My Little Dreambugs,
Kallista you are 6, and Athena you are 7, and you are both far from little anymore.
Yet I can feel each year your slow-but-palpable transition from creatures who wonder at everything in the world as if it were a mystery, into young people who are shaped and ordered and pressed by the expectations of the world outside your imaginations.
As you get older, your universe (not the universe, mind you) may become even more ordered, stripped in a million small places of its magic, as if the petals of an infinitely inconceivable flower wilt away to reveal the still-beautiful-but-perhaps-less-mysterious bloom below.
And so, here are my year-end wishes for you, my girls, while you still inhabit this tender space.
1. Don't forget that math is amazing. Athena, when you ask to "read" the number Pi, excerpted in my novel [SIC], and you then laugh and laugh when it goes on forever and exceeds your ability to find its end, you see in mathematics a language of order mixed with absurdity. Kallista, when you ask me to throw addition questions at you, which you then answer with all the rapidity of your 6-year-old brain and all the joy of a lottery winner, you feel a delight in the manipulation of numbers that can always be part of your special secret languages.
In a society that has already started to give you messages that may lead you away from science and math, I want you to be able to follow the endless shimmering path of digits wherever you want to go. If you can hold onto the magic language of numbers, in a way I was never able to, you'll speak your life in ways both sublime and astounding.
2. You are what you eat (for real). No one does a better job than your mother of helping us to eat healthy. When she discovered that we reacted to artificial food dyes and preservatives, she pulled them from our diet, and now, together, we make almost everything from scratch and we eat food processed as little as possible. She has taught you to start to read nutrition labels, and when you hand over the chemical-delivery systems sometimes called "candy," automatically, from a birthday party gift bag -- to be replaced, of course, but a treat that is made differently -- you are doing more for your health than you can possibly know.
You have learned this lesson well for people so young, and I want you to be strong in your understanding that what goes into your body helps to make you who you are. The wrong food may not only cause obesity and disease, but the right food can also help you feel better about the world you live in and encourage that easy-to-lose sense of inner self.
3. It doesn't matter that Santa is not real (or the Tooth Fairy).

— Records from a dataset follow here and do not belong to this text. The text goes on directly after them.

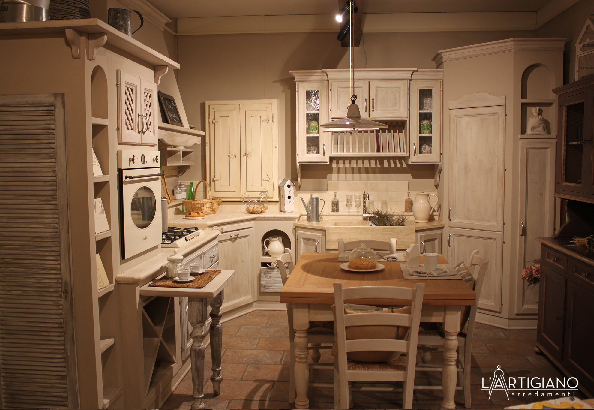 Accessori: struttura in multistrato, anta in massello di abete laccata, n°2 ante decorate a mano, pensile scolapiatti con vetrinetta, portascope, piattaia a vista, nicchie a giorno, mattarello e spianatoia. Dispensa con anta a persianina, accessoriata all’interno con mensole.
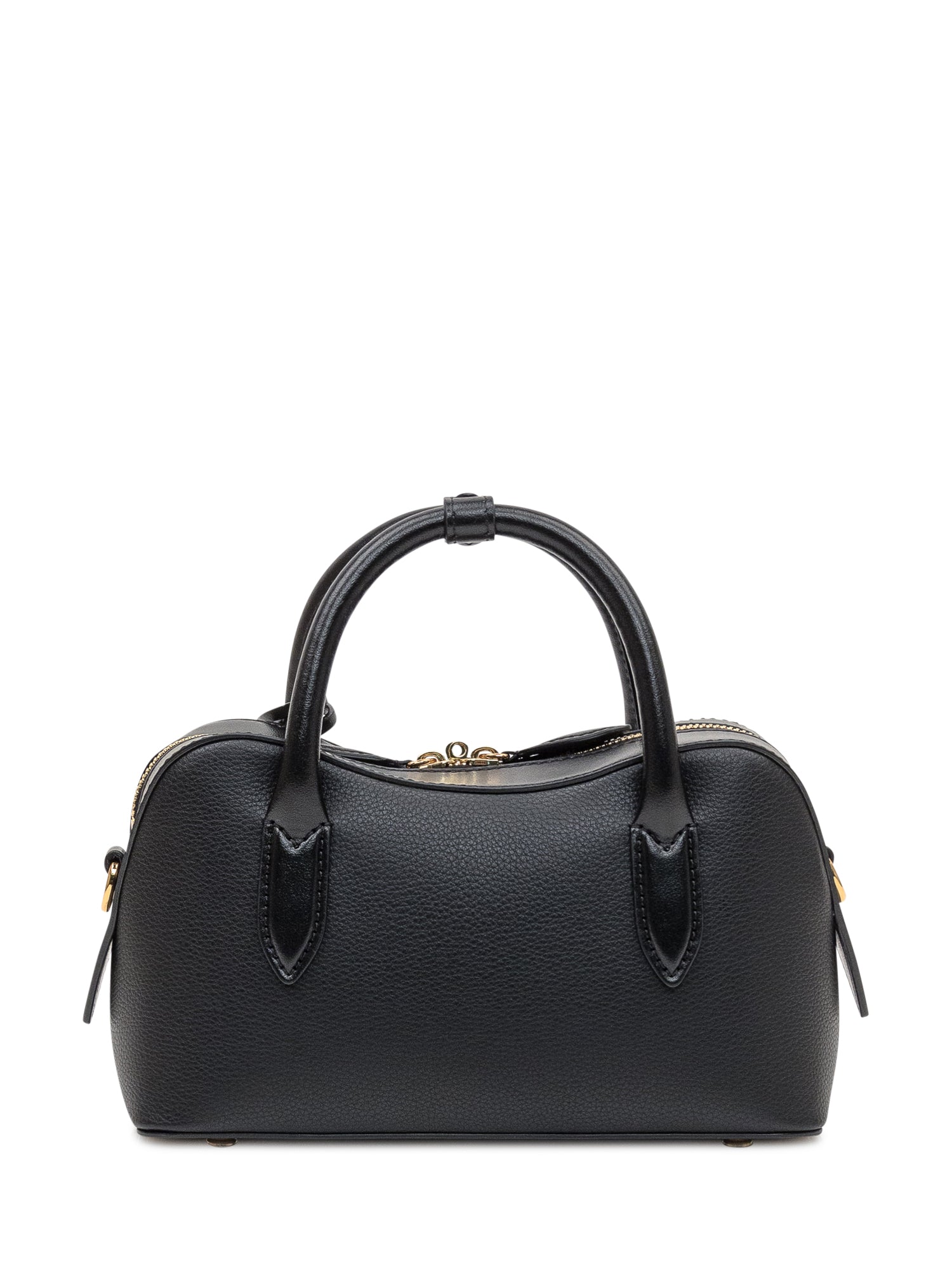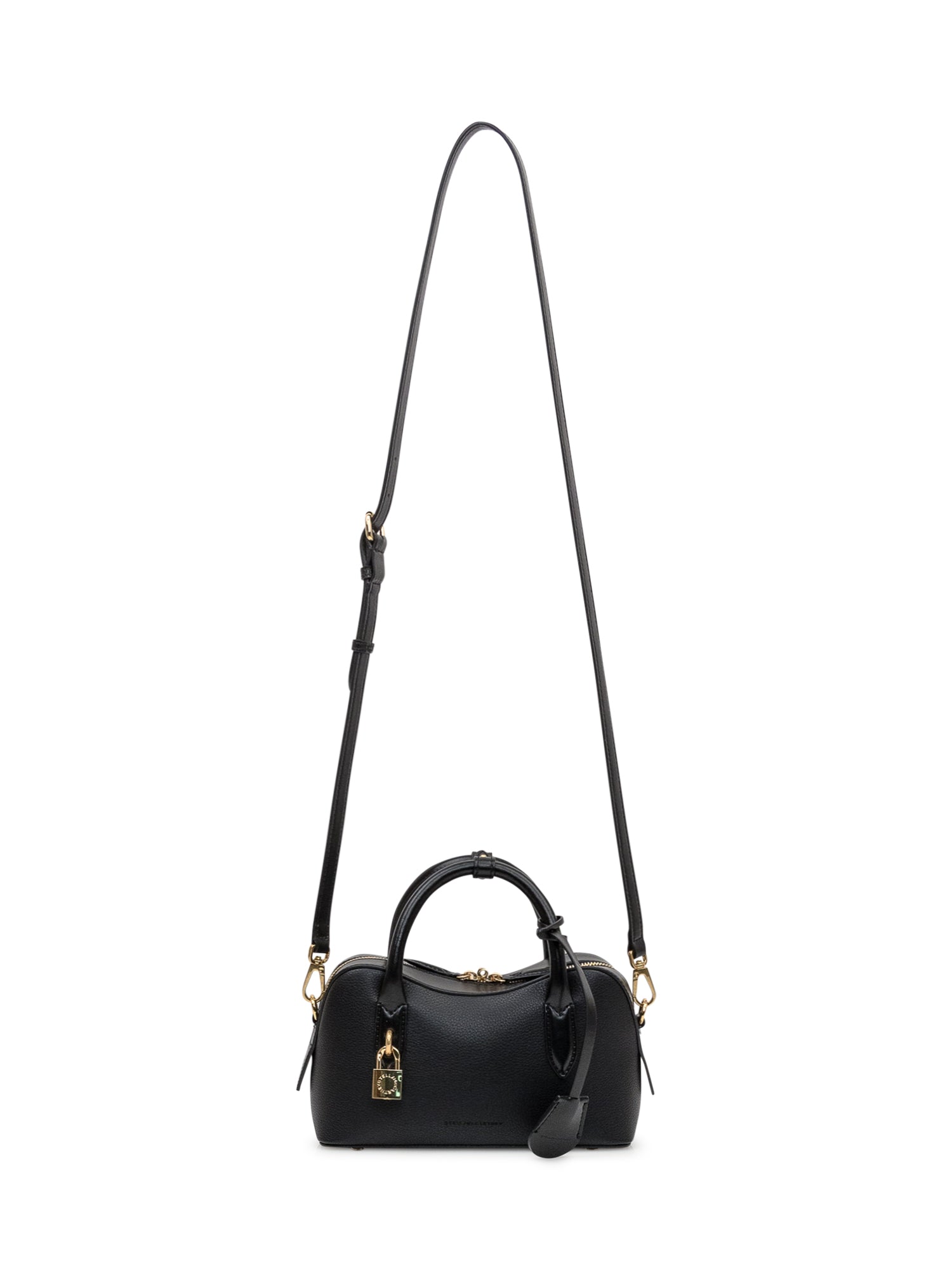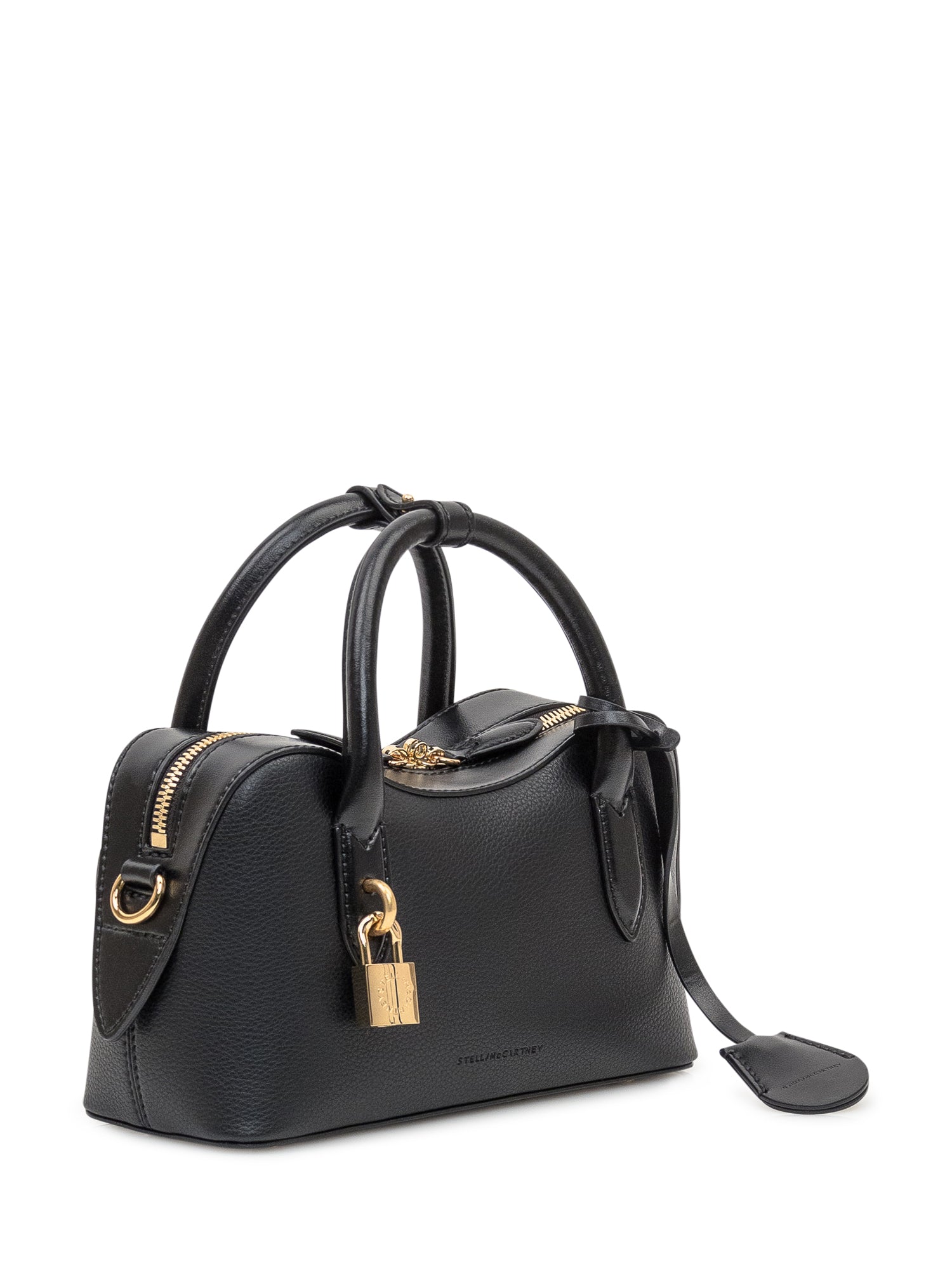 Stella McCartney bowling bag in black eco-leather with gold-tone details and decorative padlock. Compact design with double handle and zip closure.
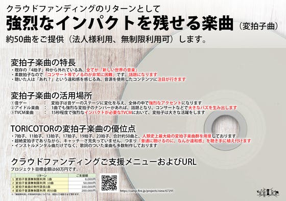2018/04/08 23:07今回のクラウドファンディングのリターンとして、変拍子楽曲を無制限にご利用頂ける法人様向けリターン(個人のご支援も可)を公開しております。 変拍子楽曲は「インパクト」や「違和感」をコンテンツに与える力があります。ので・音ゲー・アイドルの楽曲・TVCM曲などなど、コンテンツの受容者に強い印象を残したい業界で幅広く活用頂けます。 よろしくお願い致します。 もっと見る
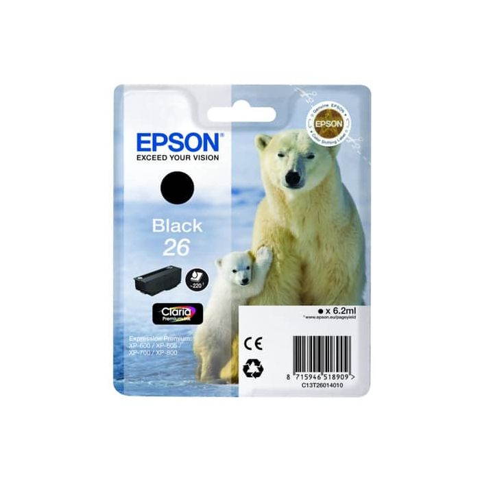 Cartuccia inkjet ink pigmentato Orso polare 26 Epson nero C13T26014012
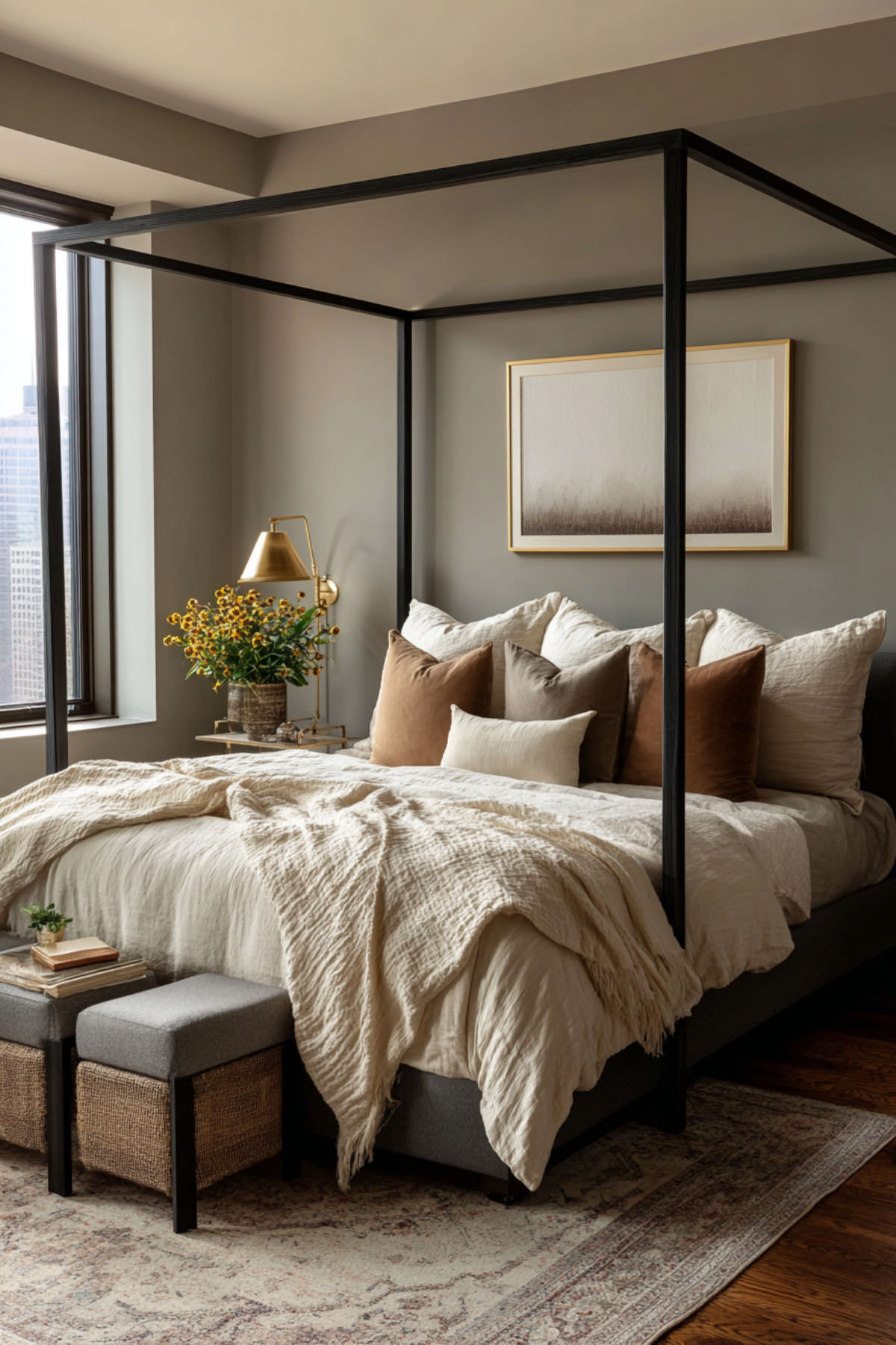 You might think a canopy bed requires a large bedroom, but the opposite can be true — in a small room, a canopy bed actually enhances the coziness by leaning into the intimacy of the space rather than fighting it. The key is choosing a slim frame that doesn’t overwhelm the room. Designer Jenny Bova has noted that modified canopies — upholstered cornice boards with drapery panels — work beautifully in small spaces, creating a focal point without consuming floor area. I recommend a slim metal canopy bed frame in queen size for small bedrooms, paired with sheer or lightweight linen panels on the headboard side only. This keeps the romantic feel while leaving three sides open for a less enclosed, more breathable look. This cozy canopy bed idea is proof that small rooms aren’t a limitation — they’re an invitation to create something more intimate.

When you discover this -- and cagey Athena, I think you may already know -- don't let that fact turn the holiday into the crass commercial exchange of toys and goods and gift cards.
There was no Santa for me growing up, as I am Jewish, and I never had a Christmas tree until I married your mother, but I do understand the value of these symbols as ways to channel feeling and experience. When I put up the lighted penguin in our yard the other day and saw your faces staring not at its cheap Walgreens mesh or the already twisted-up scarf we tied around its neck but instead somewhere else, off into a space of whimsy and wonder and warmth, I wanted you to know something important.
If we can find this feeling in the simplest of objects, it's because we feel it, together, inside each other.
Never forget where this feeling comes from.
4. Your world is a world of stories. Math may be one strand of the story, yes, but never forget that the stories you make up about your toys and your animals and each other are the stories that will also carry you forward. Athena, when you tell me your dream, that you were inside the Perplexus maze sphere, and Kallista, when you look into the window at dusk and dance furiously before your reflection, you are both seeing yourselves everywhere.
Your world is a world of reproductions and echoes, and the more places you can imagine yourself, the more you will understand how to live anywhere, through happiness and disappointment... so you will always be able to imagine what's next.
When your mother tells one of her best stories -- the story of your adoption from China, Athena, and your birth six months later, Kallista -- at the Frigid New York Festival in February, she is imagining our lives in one of the best possible ways. Her bravery in sharing "Double Happiness: A Tale of Loss, Love, and One Forever Family" is one way of speaking life to life, of reflecting herself, and us, into the world in which we live.
5. Your sister is the gift that will stay with you the longest. You play and laugh together for hours, lost in your sleeping bags and tents and stuffed animals and the single Rainbow Loom strand that is now longer than our house is tall, yet you also, 17 times in one hour, come to serious and screaming disagreement on these same issues, each of real earthshaking importance to the world you inhabit together.
Your quarters are close. You share a room. You are one grade apart, and it can be hard to find space without the other. And this can be difficult, and such proximity will indeed sometimes make you scream.
And silence is rarely forthcoming.
And yet, when you no longer live together and your parents are old and enfeebled, or perhaps already gone, petals fallen from that same wilted flower, you will have each other in a way that is different than you will ever have anyone else. The lives you have made, and the people you will become, will emerge in part from your secret hours together, lost in a fort of your own making or laughing as you tell jokes long after your bedtime as your giggles merge with your dreams.
The intensity of your bond can sustain you through anything, and I wish for you to remain close, more than anything else I can ever wish for you.
And I wish you love, and peace, my daughters, because my love for you is as endless as the stories we tell ourselves.